The entrance of MHP as a legitimate and powerful political player was in many ways made possible by the confusion of the left. Much like MHP, CHP is vehemently opposed to lifting restrictions on freedom of expression and is increasingly hostile toward the country's aspirations to join the EU. These attitudes are largely driven by a refusal to negotiate the meaning of secularism and the fierce nationalism with which it is accompanied. As a result, MHP and CHP are much similar to each other now than they were in the 1970s when MHP represented the extreme right and CHP a much less reactionary center-left. With the threat no longer being communism, but political Islam, CHP has come to embrace a reactionary ideology akin to MHP while the latter has less to react against.

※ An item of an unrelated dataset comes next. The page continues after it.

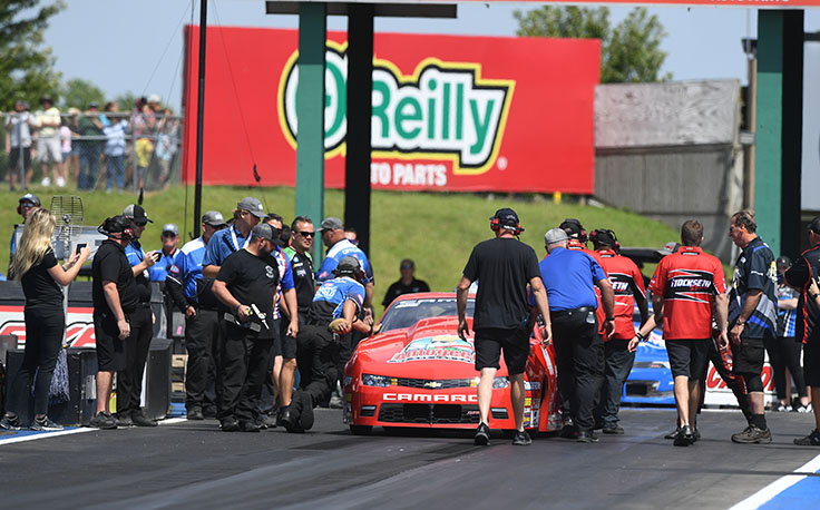 In a typical day, three minutes isn’t much time, but sitting on the starting line behind the wheel of a 1,500-hp Pro Stock car, it can seem like an eternity. That’s approximately how long Bruno Massel and Mason McGaha sat on the starting ling during their epic burndown in Topeka. For starter Brad Hardy, it was simply too long. When repeated attempts to get both drivers to stage were ignored, Hardy disqualified both combatants in one of the most dramatic moments of the season. Neither driver was pleased with the outcome, but it was hard to argue that Pro Stock wasn’t the most talked-about class following that event.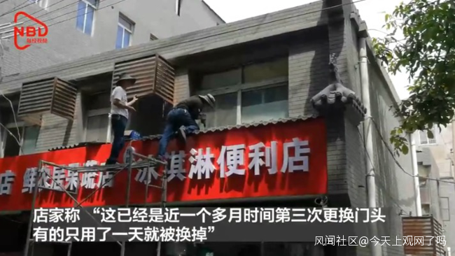 店家稱,“這已經是近一個多月時間第三次更換門頭,有的只用了一天就被換掉。”

More food for thought is MHP's Islamic identity sans its embrace of democratic liberalism. If a comparison is to be made between MHP, RP, and AKP, it seems that the first two would have much more in common than the latter two in that AKP has at the very least espoused a belief in democratic liberalism whereby an Islamic observance like wearing the türban is merely allowed, not mandated. MHP has most definitely not argued that religious observances should be forced on all Turks, but its linking of Islam with a hegemonic conception of Turkish identity seems much more a potential threat to secularism.
One additional note: The idea of Turkish superiority fostered by the right is far from disappeared. Following the İzmit earthquake in 1999, the Minister of Health, Osman Durmuş, tried to prevent the delivery of much needed blood donated from other countries because he claimed that Turks do not need foreign blood.
And, as a footnote, the terms "right" and "left" are deeply contextualized in Turkish politics and can mean very little sans historical references, as the terms are often used by political actors to suit particular political exigencies.